- Other names: Indonesian metal
- Stylistic origins: Heavy metal; Thrash metal; Death metal; Black metal; Gothic metal; Progressive metal; Speed metal; Power metal; Pop metal; Glam metal; Nu metal; Alternative metal; Metalcore;
- Cultural origins: 1980s
- Typical instruments: Electric guitar; Vocals; Bass; Drums; Keyboards (occasionally);

Subgenres
- Indonesian death metal

Other topics
- Music of Indonesia; Indonesian rock;

= Indonesian heavy metal =

Music scene

Indonesian heavy metal or Indonesian metal music are music with the heavy metal genre that developed and emerged from local Indonesian metal bands. In history, the rise of metal music in Indonesia was influenced by the popularity of Indonesian rock music. Several sub-genres of heavy metal in Indonesia are also quite popular, such as thrash metal, death metal, power metal, progressive metal, black metal, and gothic metal which are often performed by local metal bands in Indonesia.

==History==

===1970s–1980s===

The embryo of the birth of the underground rock music scene in Indonesia is difficult to separate from the evolution of the pioneer rockers of the 70s era like their predecessors. For example, God Bless, Gank Pegangsaan, Gypsy (Jakarta), Giant Step, Super Kid (Bandung), Terncem (Solo), AKA/SAS (Surabaya), Bentoel (Malang) to Rawe Rontek from Banten. They are the first generation of Indonesian rockers. The term underground itself has actually been used by Aktuil Magazine since the early 70s. This term was used by a pioneering music and lifestyle magazine from Bandung to refer to bands that played loud music.

Towards the end of the 80s, all over the world, young people were facing this time thrash metal music fever. A growth in a more extreme style of metal music compared to heavy metal. Bands who became his gods include Slayer, Metallica, Exodus, Megadeth, Kreator, Sodom, Anthrax to Sepultura. During this period, local bands began to emerge that performed thrash metal, power metal and speed metal music such as Roxx (1981), Power Metal (1986), Rudal (1987), Sucker Head (1989), and Mortus (1989). The emergence of these bands can be said to be the first generation of metal bands in the Indonesian heavy metal scene.

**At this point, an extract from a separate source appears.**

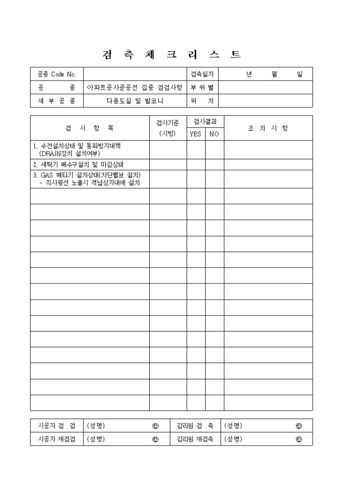9,000원/월건축기계설비공사준공점검,다용도실및발코니 체크리스트 입니다.

The majority of big cities in Indonesia like Jakarta, Bandung, Yogyakarta, Surabaya, Malang to Bali, the underground scene was first born from this extreme music genre. It was in Jakarta itself that the metal community started appeared in public in early 1988.

===1990s===
Entering the 90s era, thrash metal was still the dominant heavy metal genre in the Indonesian metal music scene. In this era, several famous thrash metal bands emerged, such as Rotor (1991) and Betrayer (1992). Which these thrash metal bands awakened the surge of metal music in Indonesia. What was previously mostly just underground became a band that was received attention from major labels. Moreover, the two thrash metal bands in their songs raise broad themes such as the harshness of life, politics, death, civil rights, and even religious values. The arrangements produced by the two bands are also very catchy even though they are still in the thrash metal corridor which has loud and fast melodies.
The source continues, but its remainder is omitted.